Driving Storage Convergence

Steven Kleiman

Title: Senior vice president of engineering and chief technology officer

Company: Network Appliance Inc.

Claim to fame: As chief technologist at Sun Microsystems Inc., he helped design the popular Network File System Unix file sharing protocol.

Challenges: Convincing IT that, by adding a block management layer to its architecture, Network Appliance storage pools can serve as the hub of a converged SAN/NAS storage network.

As senior vice president of engineering and chief technology officer at Network Appliance Inc. in Sunnyvale, Calif., Steven Kleiman is the visionary behind the vendor's storage technology agenda. Computerworld's Robert L. Mitchell talked with him about merging the worlds of storage-area networks (SAN) and network-attached storage (NAS).

Steven Kleiman of Network Appliance Inc.
Steven Kleiman of Network Appliance Inc.
What will the most important storage technology trend in the next 12 months? SAN/NAS convergence is clearly what's happening. We have two products that essentially export block-level interfaces. One is SnapDrive, and the other is our DAFS [Direct Access File System] Database Accelerator. We'll continue our architecture with a filer head with Fibre Channel-based interconnections.

Our system has an underlying block management layer that does the RAID layout optimization, and there's a file semantic layer on top of that that does things like create a directory and whatnot. And on top of that are the file protocols. We added a LUN [logical unit number] semantic layer, and that creates LUNs of various sizes and it goes right on top of the underlying block management layer. It uses the same storage and storage pool. Our intent is to try to . . . let the SAN stuff share space with the NAS stuff and take advantage of the array bandwidth that's available.

What about dynamically scalable volumes? That's not easy to do with SANs and Fibre Channel arrays. Will that change in a converged world?

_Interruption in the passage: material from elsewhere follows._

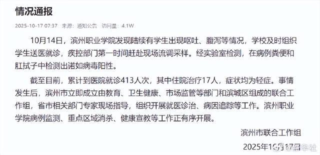 滨州职业学院多名学生出现呕吐腹泻症状,检出诺如病毒阳性,累计就诊413人次,其中17人住院治疗。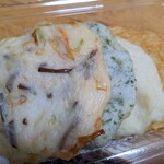 他に、すり身にスイートコーンをまぶした「もろこし天」200円や、玉ねぎの甘みを活かした「玉ねぎ天」170円、ほくほくのさつまいもが入った「おいものかき揚げ」170円、若松の岩屋で採れたあかもく(海藻)を使用した栄養たっぷりの「あかもくの天ぷら」160円など、ここでしか味わえない一品がたくさん。

There are whole steps that you don't do with our stuff that you have to do with the traditional large-block server approach. The remaining SAN management storage management issues that SAN has are inherent to SANs.

This is one of the reasons why people like NAS. Some applications like the SAN protocols better, and we can deal with that. Personally, I think the NAS protocols, when used, lead to a more efficient use of storage.

Are you saying that host servers should read and write files instead of doing SCSI block transfers? They already do. The question is how this shakes out over time as people get higher- and higher-speed networks with low overhead file access protocols like NAS. We shall see.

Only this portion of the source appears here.